After what feels like a very long Winter, Spring is just a whisper away. If not today, then tomorrow, or in a few days. The time of birth, and rebirth. Time for Easter and Passover, or just lilacs and tulips and daffodils! Time for an abundance of eggs!
Eggs truly symbolize this lighter time, after months of roost crops and squashes, soups and stews. Eating in season is healthier and cheaper and usually means more local. Early Spring foods include asparagus, green onions, lettuces, radishes, rhubarb. All juicy, many detoxifying. Lacto-ovo vegetarians and omnivores will delight in the egg abundance. Vegans will need other sources of the nutrients found in eggs.
There is so much value in the egg, be it from a chicken, a duck, quail, or turkey. During the “low-fat” craze we were told to only eat the white part of an egg as the yolk contained cholesterol, that bug-a-boo of modern society. It was the precursor to the best-selling pharmaceutical drug worldwide — the famous statin drugs. Yet, as early as the 1950s, it was known that the yolk of an egg also contains lecithin. Natural lecithin, not soy lecithin, which mitigates the cholesterol in the egg yolk. We knew this but ‘advertising’ won out. Because advertising is always truthful, right? Not so.
So we bought egg whites in cartons and eggs with added omega 3s, as nature’s perfect product was considered ‘incomplete’. Hard to believe that Nature got it wrong and the industrial foods of modern times got it right. Pastured eggs are infinitely better than industrial eggs. Industrial eggs are from chickens confined to cages they cannot move around in, given hormones to increase production, so anxiety-driven that their combs must be cut off so they won’t peck the bird in the cage next to them. This treatment alone could put many people off of eggs. But you don’t have to buy industrial eggs. Unless maybe you just want to decorate them for Easter and have no intention of eating them.
But the pastured hen gives eggs of fine protein, with brilliant orange yolks in the spring time. Yolks that stand up in the pan and don’t leak all over in the bowl or that pan. Filled with nutrient density, protein, Vitamin A and D3, which we so badly need after this last winter. Eggs also supply the B-complex vitamins needed in vegan and vegetarian diets. In addition eggs have Vitamin E, lutein (great for eye health), and trace minerals, as well as nutrients we probably haven’t discovered yet. A pretty good package of densely packed nutrients.
And what about the “newest’ Vitamin K2, needed for bone remineralization, heart, and brain? K2 is very low in most American diets because it is missing in modern, manufactured, industrial foods. Vitamin K1 is found in modern green “leafies,” as I like to call them, so vegans and vegetarians and the rest of us get that nutrient when we eat foods like cabbage, kale, and spinach. K1 plays a role in blood clotting.
Newer studies show that K2 is great for heart disease, cancer, and osteoporosous. A 2004 study found that consuming K2 reduced mortality risk for over 50% of participants in a study of people who had heart attacks. Something to think about as 50% of heart attacks occur to people who do NOT have high cholesterol.
Another nutrient low in many Americans that’s high in eggs is choline. Choline keeps cell membranes fluid, able to take in nutrients, and let out waste products. Therefore choline is much needed for a highly functioning brain. So many Americans went the egg-white-only model that this could very well explain the current increase we’re seeing in dementia and Alzheimer’s, at least in part. Other than animal products, eggs are the richest source of choline. Lacto-ovo vegetarians take heart. But even a mild choline deficiency can lead to fatigue, insomnia, memory decline, muscle and nerve weakness, all problems rampant in our industrial society.
Taurine is another nutrient rich in eggs that has been proven to be able to stimulate the growth of new brain cells, something once thought to be impossible. Low levels of taurine can lead to anxiety, increased levels of stress, jagged nerves, and restlessness. Sound like anything you’ve experienced?

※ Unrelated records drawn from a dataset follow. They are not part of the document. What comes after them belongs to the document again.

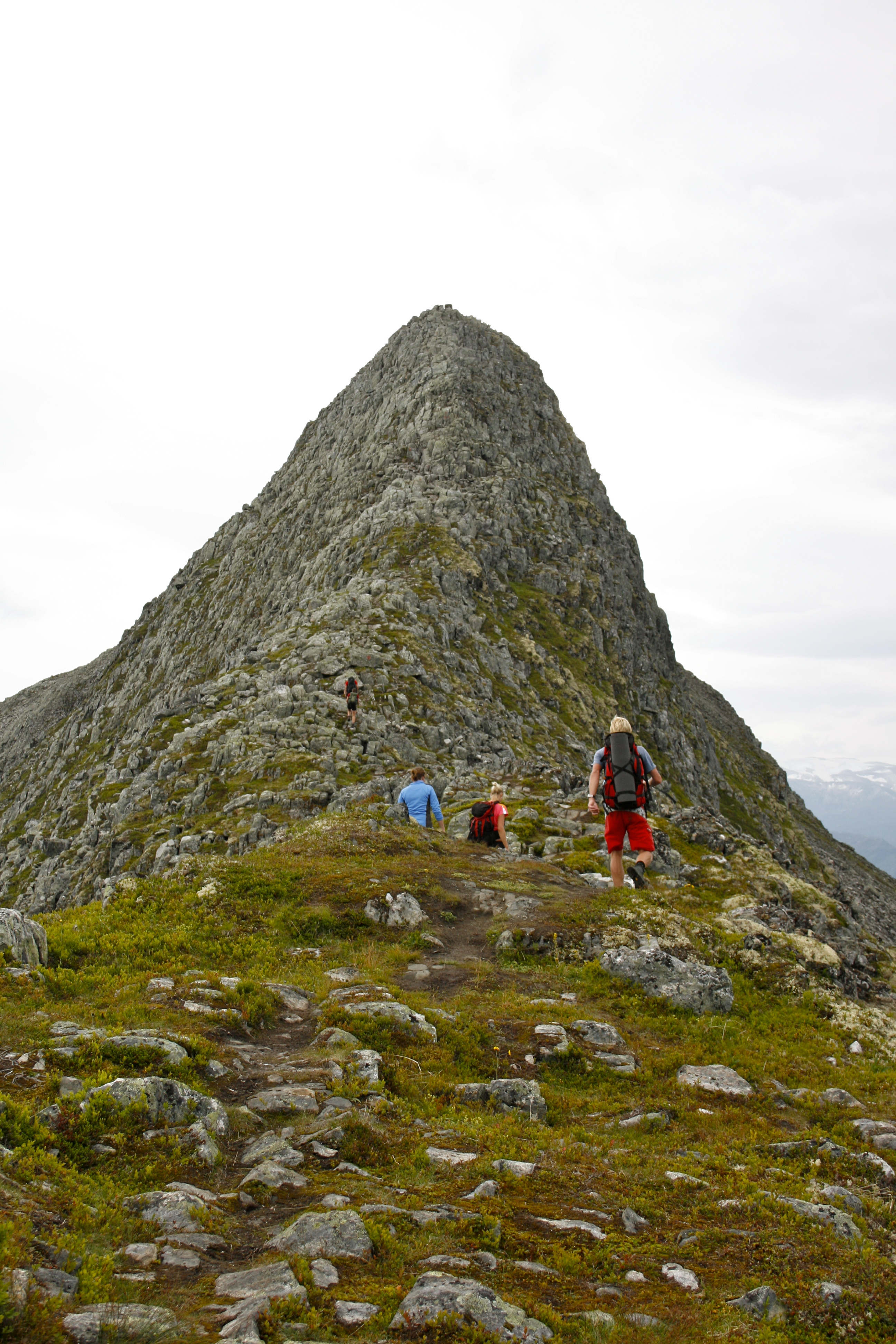 Over tregrensa var det en flott utsikt ut mot Sandane og ut fjorden. Her gikk vi over til fjell, men fortsatt gode stier. Man kommer først til utkikkstoppen (1160 moh), og mange nøyer seg med denne, da det er en karakteristisk topp med god utsikt. Vi fortsatte litt lenger innover sør-øst for utkikkstoppen, og kom til selve toppunktet på 1201 moh. Ca 5 timer t/r inkludert lunsj og pauser.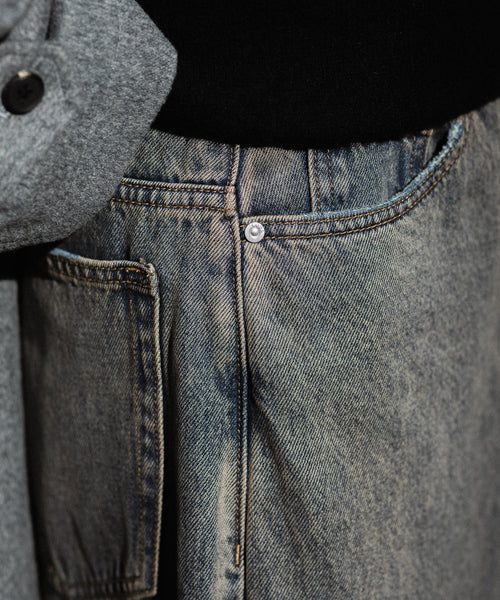 「アシッドウォッシュ」と呼ばれる特殊な酸化剤で生地を脱色する手法を用いることで、独特のムラのある表情に仕上げています。
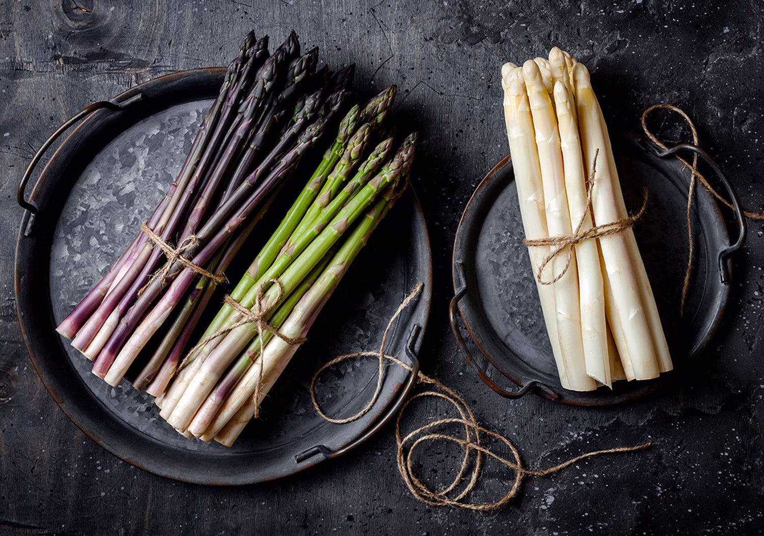 Asperges zijn er al heel lang en zowat overal ter wereld terug te vinden. Ze gaan terug tot de oude Egyptenaren en de Romeinen. Tegenwoordig worden ze nog steeds wereldwijd geteeld, van China tot Peru en overal daartussenin. Er is dus altijd wel een lokaal geproduceerde variant beschikbaar. Ze kunnen verschillen in kleur – wit, groen of paars – en hoewel ze vrij allround zijn, serveer je ze het best op hun sterkst, of dat nu grillen, stomen of bakken is.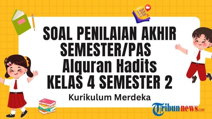 TRIBUNNEWS.COM - Berikut ini contoh soal Penilaian Akhir Semester (PAS) Alquran Hadits kelas 4 Madrasah Ibtidaiyah (MI) semester 2 Kurikulum Merdeka dan kunci jawaban.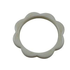 This is a charming vintage set of two unmarked bangle bracelets, likely dating from the 1960s or 1970s. One bracelet is a classic bold yellow with white stripes, while the other features a distinctive scalloped, solid off-white design. The material is a plastic-like substance, most likely Lucite, which was a popular choice for costume jewelry during the mid-20th century due to its vibrant colors and versatility. The bracelets are in good vintage condition, with light surface scratches and signs of wear consistent with their age, and would benefit from cleaning. This pair is perfect for stacking and would be a great addition to a collection of retro, mod, or mid-century modern jewelry.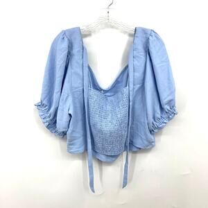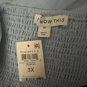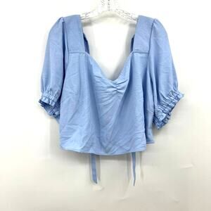And Now This Light Blue Tie Back Smocked Crop Top Blouse Plus Size 3X New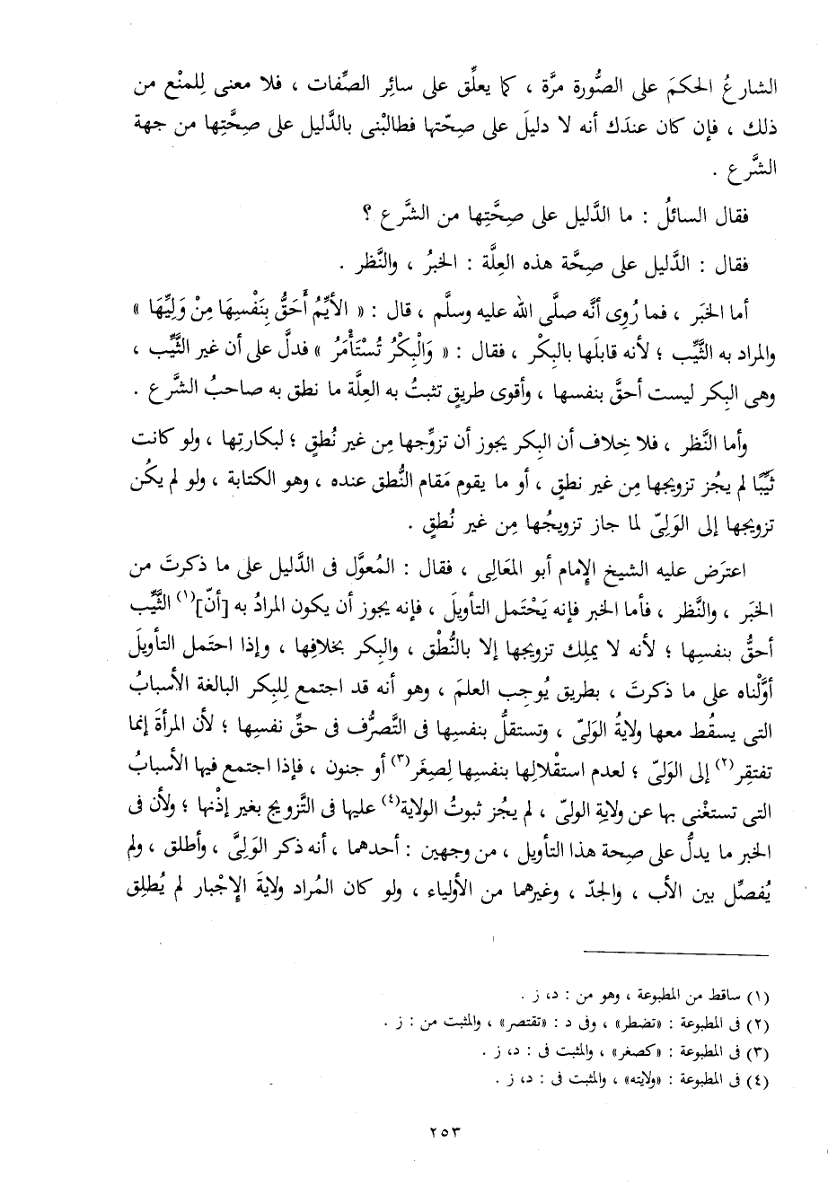اعْترض عَلَيْهِ الشَّيْخ الإِمَام أَبُو الْمَعَالِي فَقَالَ الْمعول فِي الدَّلِيل على مَا ذكرت من الْخَبَر وَالنَّظَر فَأَما الْخَبَر فَإِنَّهُ يحْتَمل التَّأْوِيل فَإِنَّهُ يجوز أَن يكون المُرَاد بِهِ أَن الثّيّب أَحَق بِنَفسِهَا لِأَنَّهُ لَا يملك تَزْوِيجهَا إِلَّا بالنطق وَالْبكْر بِخِلَافِهَا وَإِذا احْتمل التَّأْوِيل أولناه على مَا ذكرت بطرِيق يُوجب الْعلم وَهُوَ أَنه قد اجْتمع للبكر الْبَالِغَة الْأَسْبَاب الَّتِي يسْقط مَعهَا ولَايَة الْوَلِيّ وتستقل بِنَفسِهَا فِي التَّصَرُّف فِي حق نَفسهَا لِأَن الْمَرْأَة إِنَّمَا تفْتَقر إِلَى الْوَلِيّ لعدم استقلالها بِنَفسِهَا لصِغَر أَو جُنُون فَإِذا اجْتمع فِيهَا الْأَسْبَاب الَّتِي تَسْتَغْنِي بهَا عَن ولَايَة الْوَلِيّ لم يجز ثُبُوت الْولَايَة عَلَيْهَا فِي التَّزْوِيج بِغَيْر إِذْنهَا وَلِأَن فِي الْخَبَر مَا يدل على صِحَة هَذَا التَّأْوِيل من وَجْهَيْن أَحدهمَا أَنه ذكر الْوَلِيّ وَأطلق وَلم يفصل بَين الْأَب وَالْجد وَغَيرهمَا من الْأَوْلِيَاء وَلَو كَانَ المُرَاد ولَايَة الْإِجْبَار لم يُطلق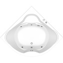 Материал: акрил • Расположение: отдельно стоящая, угловая конструкция • Форма: четверть круга • Объем: 350 л • Количество мест: одноместная • Размеры (ДxШxВ): 143x143x50 см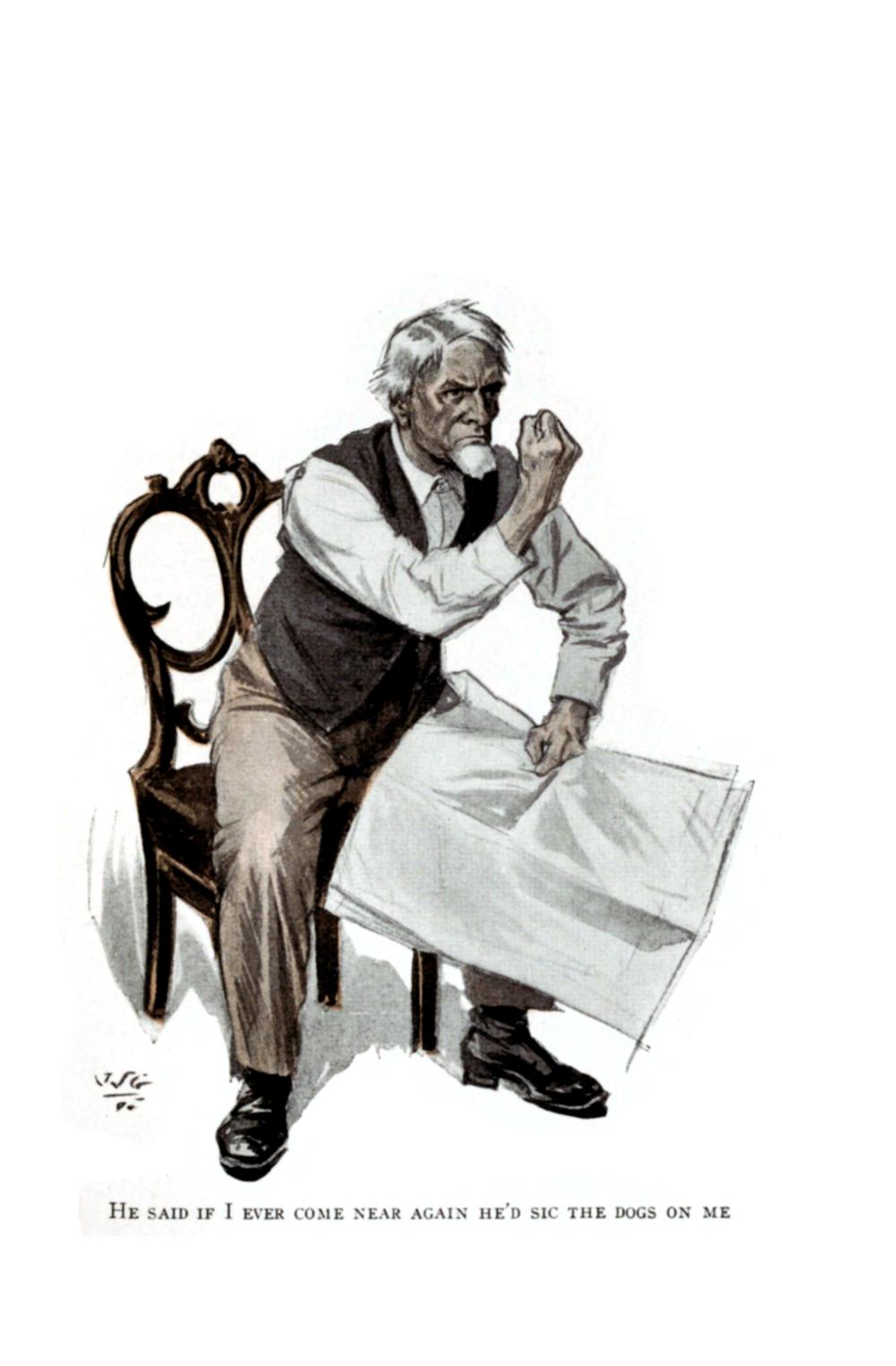 Then there was the night when I proposed for your hand and you sent me to your pa, and he said if I ever come near again he'd sic the dogs on me. I spent that night at a safe [18] distance from the dogs, leaning on a fence, and not noticing it was barb wire till I looked at my clothes and my hide next day. I watched your windows till the light went out and all my hope with it—and on after that till, as the poet says, till daylight doth appear.

Of course lack of eggs in the diet isn’t the only cause of poor biological responses, but it could be an easy fix. The omega 3 fatty acids in eggs sustain you and make you feel satiated longer, leaving you less likely to grab for that manipulated, industrial, snack food. Low omega 3 fatty acids are implicated in arthritis, Type II diabetes, hyperactivity, heart disease, learning disorders, and stroke. Again, the disease of our modern society.
I could go on to extol the value of Nature’s biologically complete food – the egg – but instead I’ll give a nod to those funny yet hard-working hens in my yard. It’s the season for an abundance of their multi-colored jewels found in their nests. So don’t go out and buy another handful of supplements, just buy pastured eggs. And remember that “cage-free” and “free range” do not tell you how much time that the hens had access to their outside world or how natural their diets. Buy organic, which means they have not been fed hormones, and pastured which means they are living the life of a “natural chicken.”